O Grupo de Pesquisa em Agronegócio e Desenvolvimento Regional – (GEPEC) visa apresentar informações, análises técnicas e artigos científicos referentes às principais variáveis e indicadores relativos ao agronegócio e desenvolvimento regional do Estado do Paraná. Atualmente, o Grupo Setorial de piscicultura, no GEPEC da UNIOESTE/Campus de Toledo, vem desenvolvendo pesquisas sobre a economia da piscicultura regional através de planilhas de custo da atividade, com consultas permanentes a outros profissionais ligados à atividade, no IAP (Instituto Ambiental do Paraná), EMATER (Empresa de Assistência Técnica e Extensão Rural), e também na ATOAQUI (Associação Toledana de Aqüicultura).

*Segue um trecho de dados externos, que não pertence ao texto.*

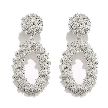 Statement Drop Earrings For Women Boho Textured Dangle Earrings Gorgeous Geometric Oval Raised Earrings (silver)

Os custos são apurados nos níveis de implantação e produção, com base nos critérios técnicos da Tabela 1. Não são diferenciados entre curto e longo prazos.

 

 

Custos de implantação da piscicultura

Os custos de implantação são atualizados mensalmente pelo grupo GEPEC, referindo-se aos seguintes itens: serviços de Drenagem e Terraplanagem (trator de esteira D-50 e retro-escavadeira); materiais de construção (cano de PVC 100mm, joelho PVC 100mm, tijolos 6 furos, areia, pedra brita e tábuas para o monge); madeiras (viga de pinheiro - 5 x 10cm, sarrafos - 5 x 1cm e tábuas de itauba - 2,5 x 15cm); materiais e equipamentos (tarrafa - corrente 13mm, alt 2m, roda 113,5m, rede de arrasto - 12mm, fio210d/18, alt 4m, balança peixeiro e Kit para análise de água); benfeitoria (cimento, tijolos 6 furos, areia, pedra brita, madeiras - vigas e sarrafos, cal hidratada e telhas francesas); mão-de-obra (mestre de obra e serviços gerais); taxas e impostos (licença de outorga, licença ambiental e CREA) e assistência técnica.

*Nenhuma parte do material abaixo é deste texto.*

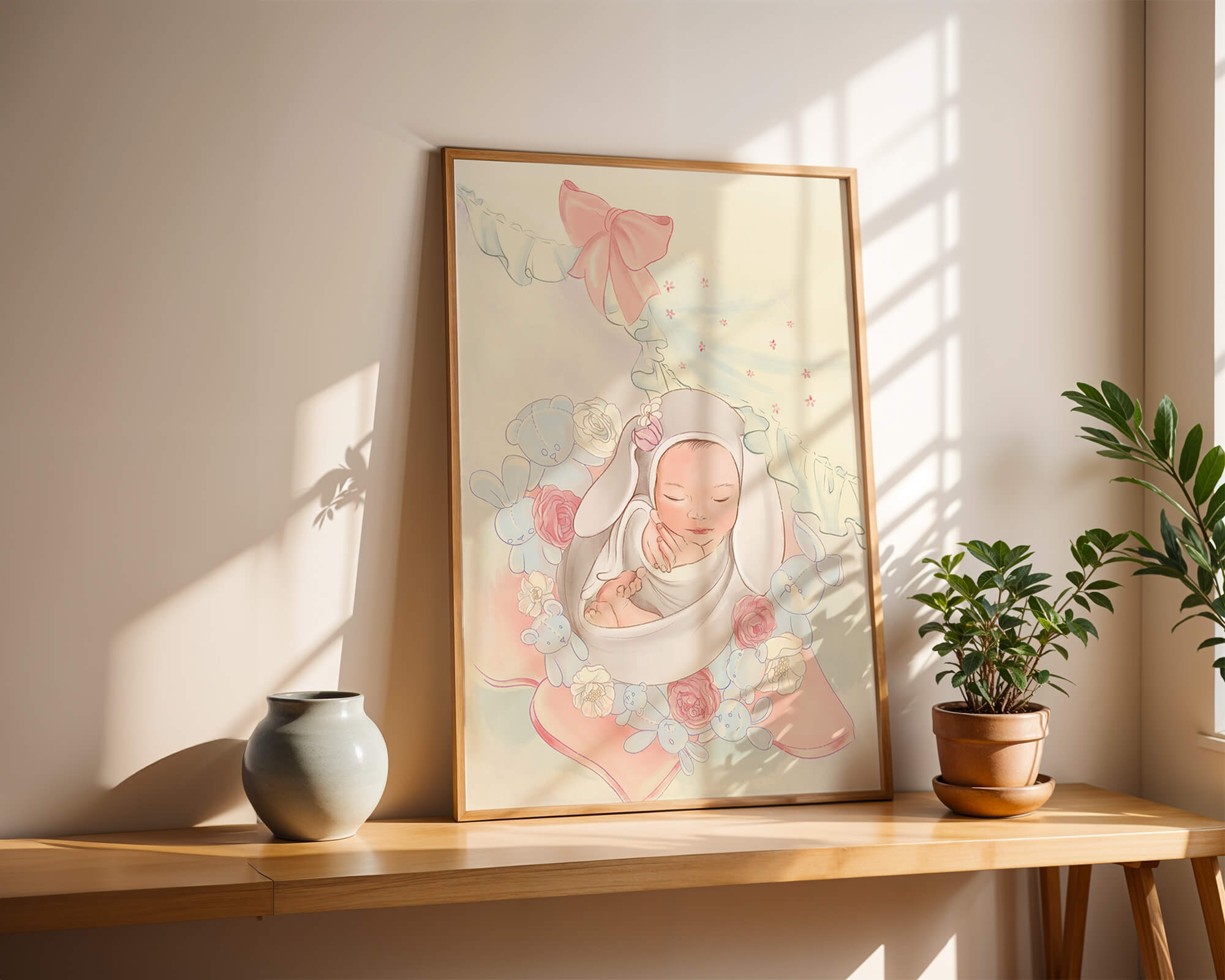 Bebé durmiendo dulcemente rodeado de suaves decoraciones en tonos pastel

Custo de produção da piscicultura

Os custos de produção foram apurados com base na prática dos produtores, sendo diferenciados entre os fixos e os variáveis. Considera-se entre os Custos fixos: depreciação linear (equipamentos – viveiros e benfeitorias referentes a uma vida útil de 15 anos); remuneração do capital (equipamentos, viveiros e terra relativos ao custo de oportunidade, à base de 1% am – conforme referência para remuneração financeira de investimentos em ativos); mão-de-obra; taxas e impostos. Entre os custos variáveis estão: insumos (alevinos, ração, fertilizantes, calagem, kit para análise de água); assistência técnica e mão-de-obra temporária.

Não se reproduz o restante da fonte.